Please make an exact copy of the lines from the one holding "Im Bild von" through the end of the data, both ends included, with no pictures.
____________________
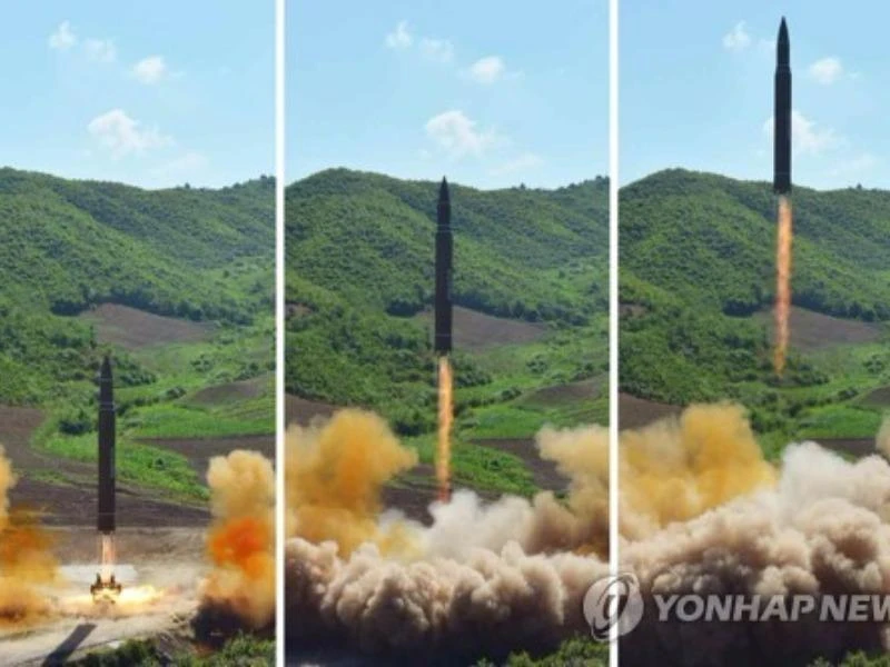 Vụ phóng tên lửa đạn đạo xuyên lục địa Hwasong-14 hôm 4-7 của Triều Tiên. Ảnh: YONHAP
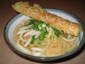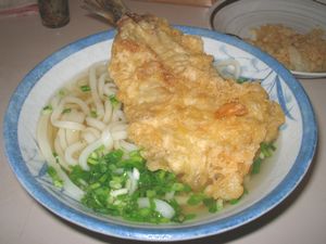 細麺と太麺の『かけうどん』をたのみ、いわしの天ぷらをのせました。
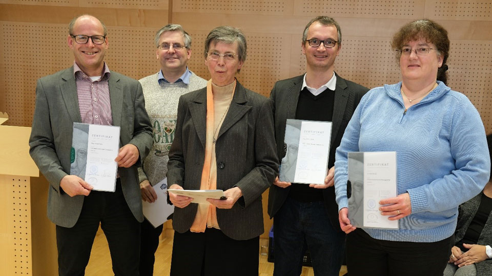 Im Bild von links nach rechts: Mag. Arnold Schett (Alten- und Pflegeheime GmbH der Barmherzigen Schwestern Innsbruck); Manfred Neurauter (Wohn- und Pflegeheim St. Vinzenz der Barmherzigen Schwestern); Generaloberin Sr. Pauline Thorer; Mag. Andreas Partl (Wirtschaftsleiter der Kongregation/Provinz Innsbruck); Dr. Ruth Mockel (Geschäftsführerin Haus Marillac)
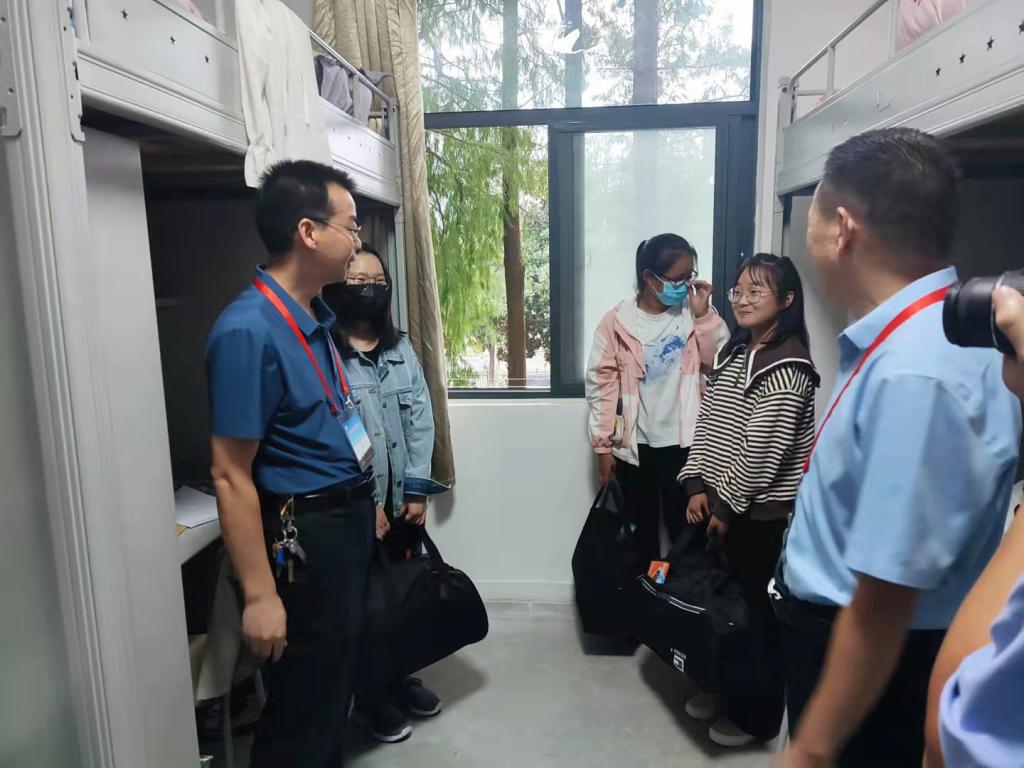(本网讯 任素伶 刘同卓)9月26日下午,公司党委书记王振海、经理姚圣良、党委副书记王家宏、副经理徐洪军、班主任许中荣及全体辅导员前往新生宿舍,看望慰问新生并发放爱心助学礼包。
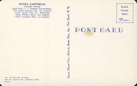 Ontra Cafeterias Vermont Interior Los Angeles and Hollywood VINTAGE POSTCARD box3
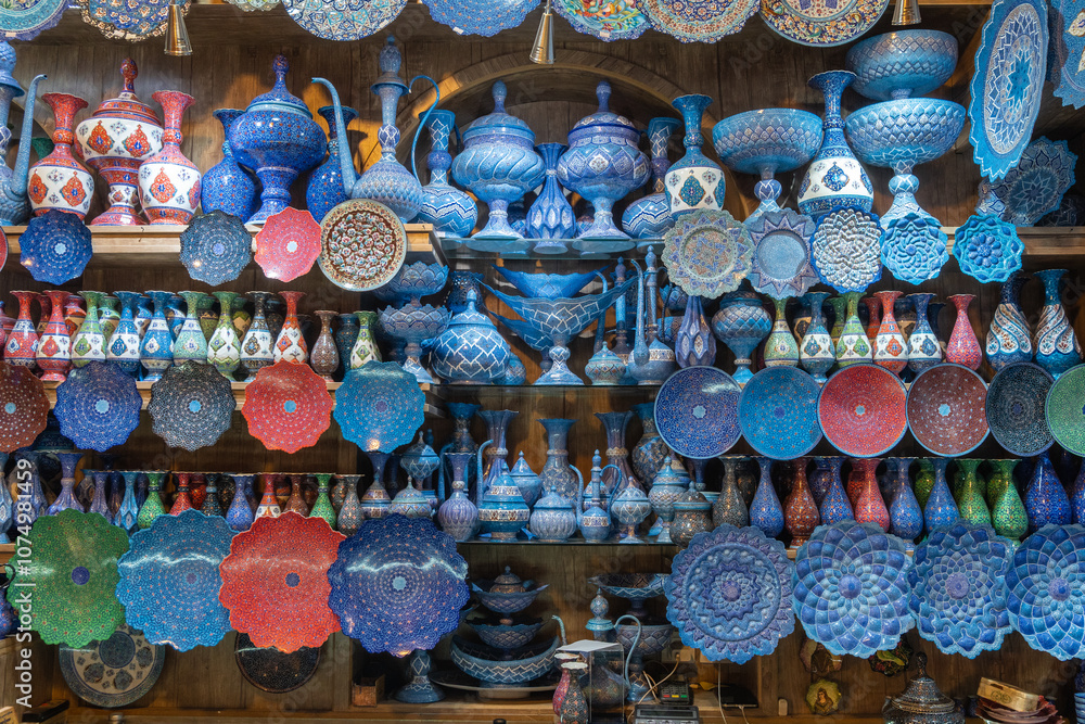 A shelf filled with colorful plates and vases of various shapes, Shiraz, Iran
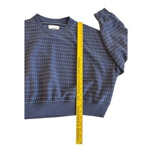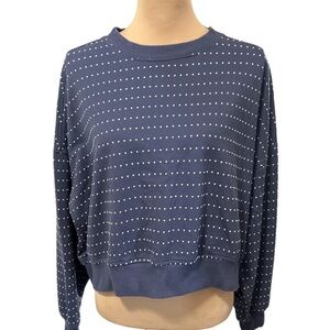 Aerie Take It Easy Crew Cropped Sweatshirt Sweater Embroidered Dots Blue Medium.
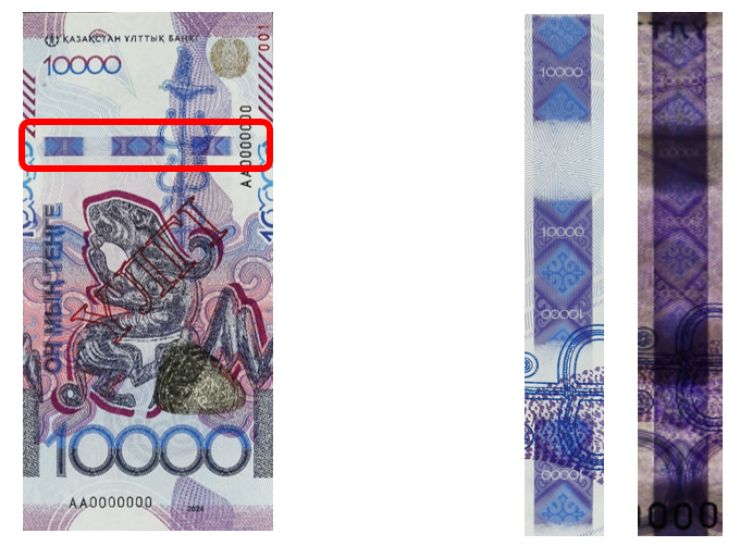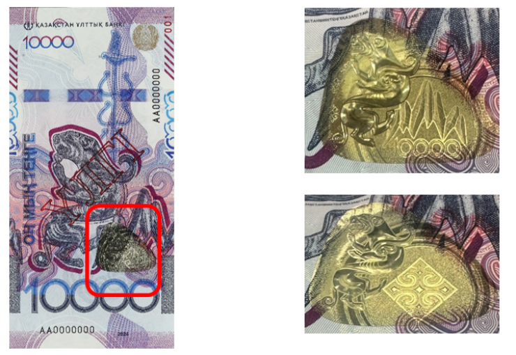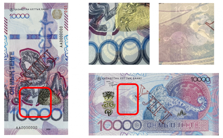 Сондай-ақ,ҚҰБ жаңа дизайндағы 10 000 теңгелік банкнотаның негізгі қорғаныш элементтерін ұсынады. Нұсқаулық азаматтарға шынайы банкнотаны жалған ақшадан өз бетінше ажыратуға көмектеседі.
____________________
* [Written response]
 Im Bild von links nach rechts: Mag. Arnold Schett (Alten- und Pflegeheime GmbH der Barmherzigen Schwestern Innsbruck); Manfred Neurauter (Wohn- und Pflegeheim St. Vinzenz der Barmherzigen Schwestern); Generaloberin Sr. Pauline Thorer; Mag. Andreas Partl (Wirtschaftsleiter der Kongregation/Provinz Innsbruck); Dr. Ruth Mockel (Geschäftsführerin Haus Marillac)
(本网讯 任素伶 刘同卓)9月26日下午,公司党委书记王振海、经理姚圣良、党委副书记王家宏、副经理徐洪军、班主任许中荣及全体辅导员前往新生宿舍,看望慰问新生并发放爱心助学礼包。
 Ontra Cafeterias Vermont Interior Los Angeles and Hollywood VINTAGE POSTCARD box3
 A shelf filled with colorful plates and vases of various shapes, Shiraz, Iran
 Aerie Take It Easy Crew Cropped Sweatshirt Sweater Embroidered Dots Blue Medium.
 Сондай-ақ,ҚҰБ жаңа дизайндағы 10 000 теңгелік банкнотаның негізгі қорғаныш элементтерін ұсынады. Нұсқаулық азаматтарға шынайы банкнотаны жалған ақшадан өз бетінше ажыратуға көмектеседі.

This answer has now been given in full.